One soldier described "a huge industrial area, huge factories, and after it's just a pile of rubble, piles of broken concrete."

The Israeli operation has so far killed more than 50,000 Palestinians, according to Palestinian health authorities, which do not distinguish between civilians and armed fighters. The Israeli military estimates it has killed around 20,000 fighters.

The bombardment has also flattened large areas of the coastal enclave, leaving hundreds of thousands of people in bomb-damaged buildings, tents or temporary shelters.

The report said that many of the buildings demolished were deemed by the military to have been used by Hamas fighters, and it quoted a soldier as saying a few contained the belongings of hostages. But many others were demolished without any such connection.

Palestinians were not allowed to enter the zone and were fired on if they did, but the report quoted soldiers saying the rules of engagement were loose and heavily dependent on commanders on the spot.
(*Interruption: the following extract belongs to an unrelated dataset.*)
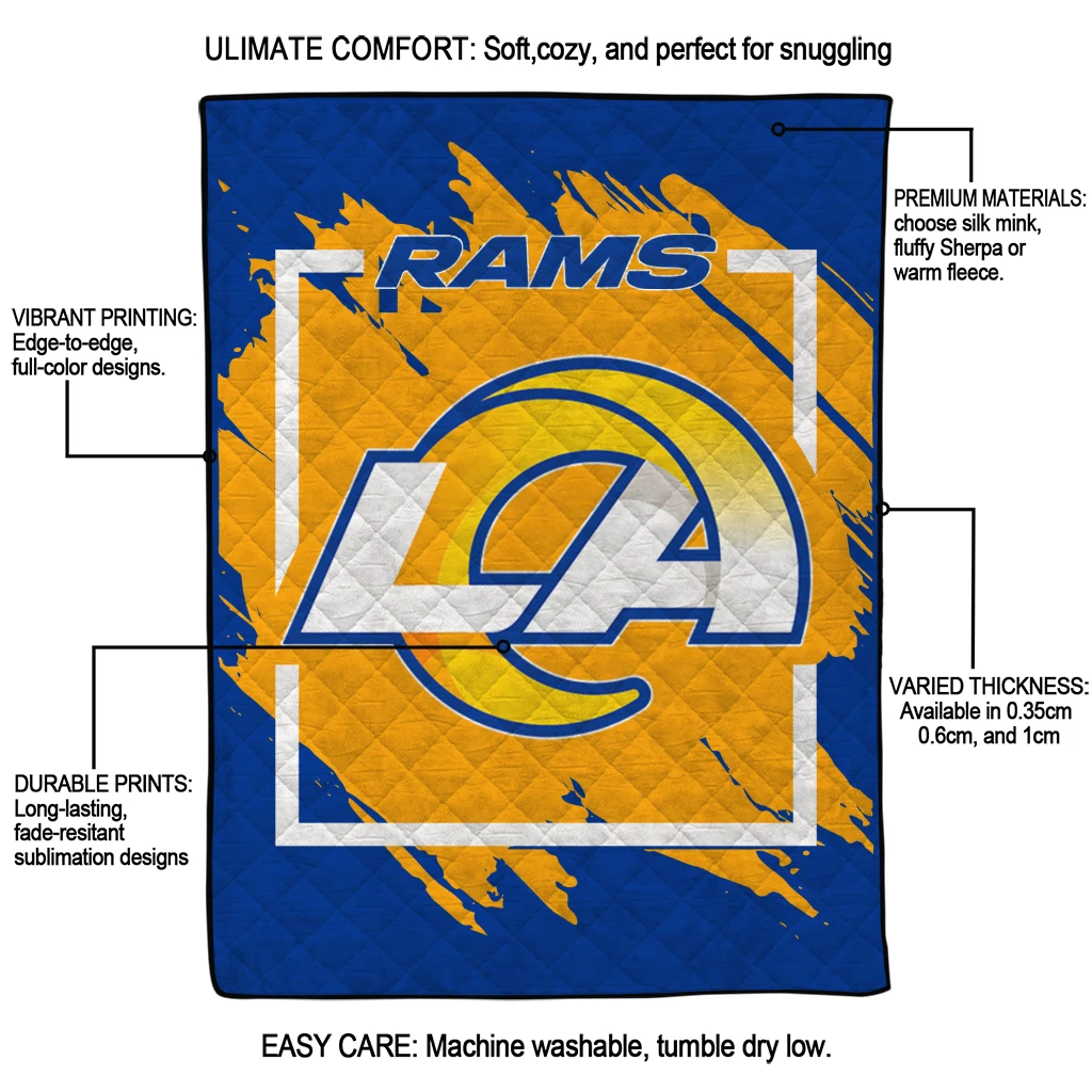 Wrap yourself in warmth and pride with the Los Angeles Rams Block Border Blue Quilt Blanket from the Los Angeles Rams Blankets collection at Yes That Blanket. Made from 100% premium quilting-weight polyester blended with a touch of microfiber, this quilt offers a smooth, soft finish you’ll love. Choose between two quilting styles—Stipple or Diagonal—and enjoy the comfort of a cotton-filled layer inside that adds extra coziness for every season. The border is available in classic black or white, giving your design a clean, timeless edge.

"Company commanders make all kinds of decisions about this, so it ultimately very much depends on who they are. But there is no system of accountability in general," the captain in the Armored Corps said.

It quoted another soldier saying that in general adult males seen in the buffer zone were killed but warning shots were fired in the case of women or children.

"Most of the time, the people who breach the perimeter are adult men. Children or women didn't enter this area," the soldier said.